(Data items)
- Opening Delimiter -

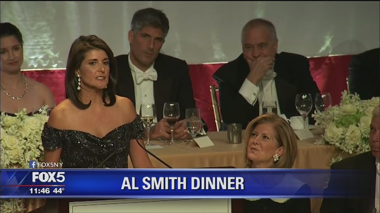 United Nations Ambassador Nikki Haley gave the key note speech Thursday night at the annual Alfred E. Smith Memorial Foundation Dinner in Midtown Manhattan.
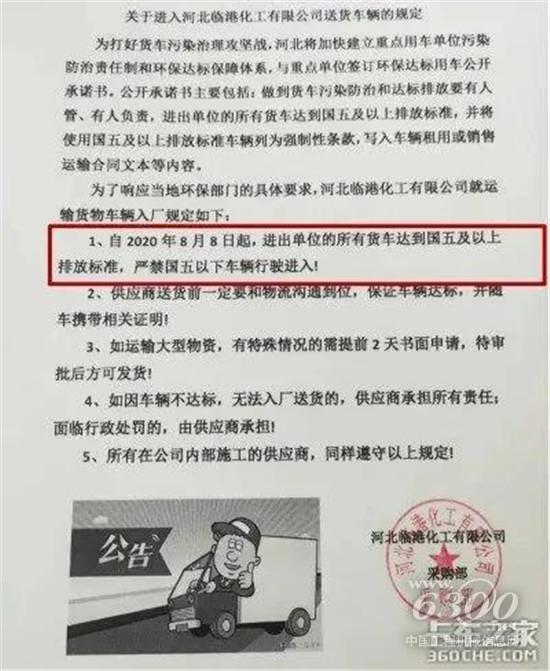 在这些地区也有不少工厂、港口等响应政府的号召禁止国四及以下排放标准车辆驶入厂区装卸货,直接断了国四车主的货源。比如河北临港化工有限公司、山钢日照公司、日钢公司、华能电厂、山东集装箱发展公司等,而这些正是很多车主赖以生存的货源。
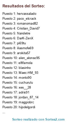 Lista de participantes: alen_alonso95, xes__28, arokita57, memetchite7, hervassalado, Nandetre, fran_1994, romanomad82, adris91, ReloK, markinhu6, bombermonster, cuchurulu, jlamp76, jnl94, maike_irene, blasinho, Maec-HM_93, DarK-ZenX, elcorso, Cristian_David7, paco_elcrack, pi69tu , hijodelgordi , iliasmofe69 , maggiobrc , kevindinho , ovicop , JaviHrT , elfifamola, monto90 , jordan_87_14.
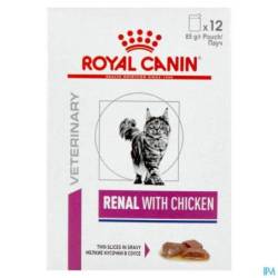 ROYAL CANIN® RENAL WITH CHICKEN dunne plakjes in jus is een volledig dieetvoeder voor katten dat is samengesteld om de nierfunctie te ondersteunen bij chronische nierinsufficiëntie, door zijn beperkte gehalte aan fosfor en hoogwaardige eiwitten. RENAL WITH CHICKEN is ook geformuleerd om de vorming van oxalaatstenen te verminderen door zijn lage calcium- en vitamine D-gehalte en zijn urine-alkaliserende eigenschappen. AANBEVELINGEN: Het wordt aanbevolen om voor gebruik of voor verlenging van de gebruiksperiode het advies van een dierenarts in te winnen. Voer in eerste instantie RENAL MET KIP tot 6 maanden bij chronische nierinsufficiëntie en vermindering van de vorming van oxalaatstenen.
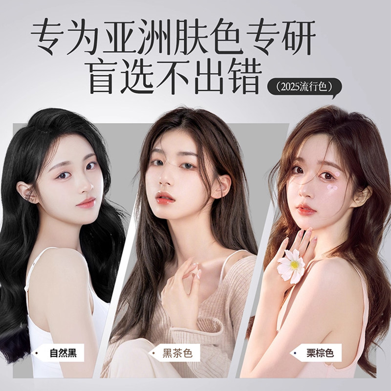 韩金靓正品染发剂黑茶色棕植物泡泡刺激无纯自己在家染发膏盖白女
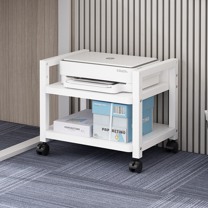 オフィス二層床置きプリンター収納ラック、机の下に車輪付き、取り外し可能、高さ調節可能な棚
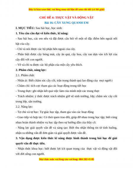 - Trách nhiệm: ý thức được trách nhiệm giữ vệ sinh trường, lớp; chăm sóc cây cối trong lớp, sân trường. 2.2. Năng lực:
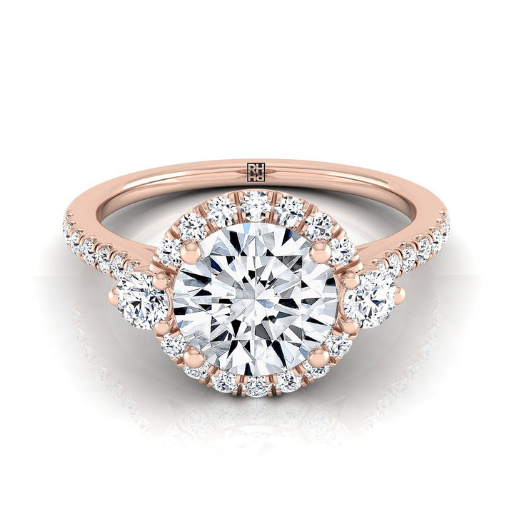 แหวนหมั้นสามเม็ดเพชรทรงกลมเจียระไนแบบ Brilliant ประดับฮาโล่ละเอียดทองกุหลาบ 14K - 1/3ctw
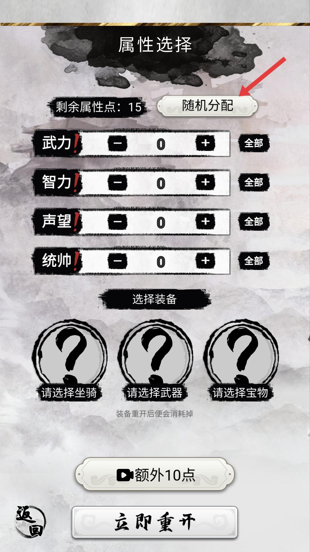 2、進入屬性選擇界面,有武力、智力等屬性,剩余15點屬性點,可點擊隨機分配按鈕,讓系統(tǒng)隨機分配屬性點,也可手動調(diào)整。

- Closing Delimiter -

[What is needed]: Exactly the lines from the one containing "オフィス二層床置きプリンター" to the final line of the entries are wanted; please write them out, both ends included, but not the pictures.

[Response to the task]:
 オフィス二層床置きプリンター収納ラック、机の下に車輪付き、取り外し可能、高さ調節可能な棚
 - Trách nhiệm: ý thức được trách nhiệm giữ vệ sinh trường, lớp; chăm sóc cây cối trong lớp, sân trường. 2.2. Năng lực:
 แหวนหมั้นสามเม็ดเพชรทรงกลมเจียระไนแบบ Brilliant ประดับฮาโล่ละเอียดทองกุหลาบ 14K - 1/3ctw
 2、進入屬性選擇界面,有武力、智力等屬性,剩余15點屬性點,可點擊隨機分配按鈕,讓系統(tǒng)隨機分配屬性點,也可手動調(diào)整。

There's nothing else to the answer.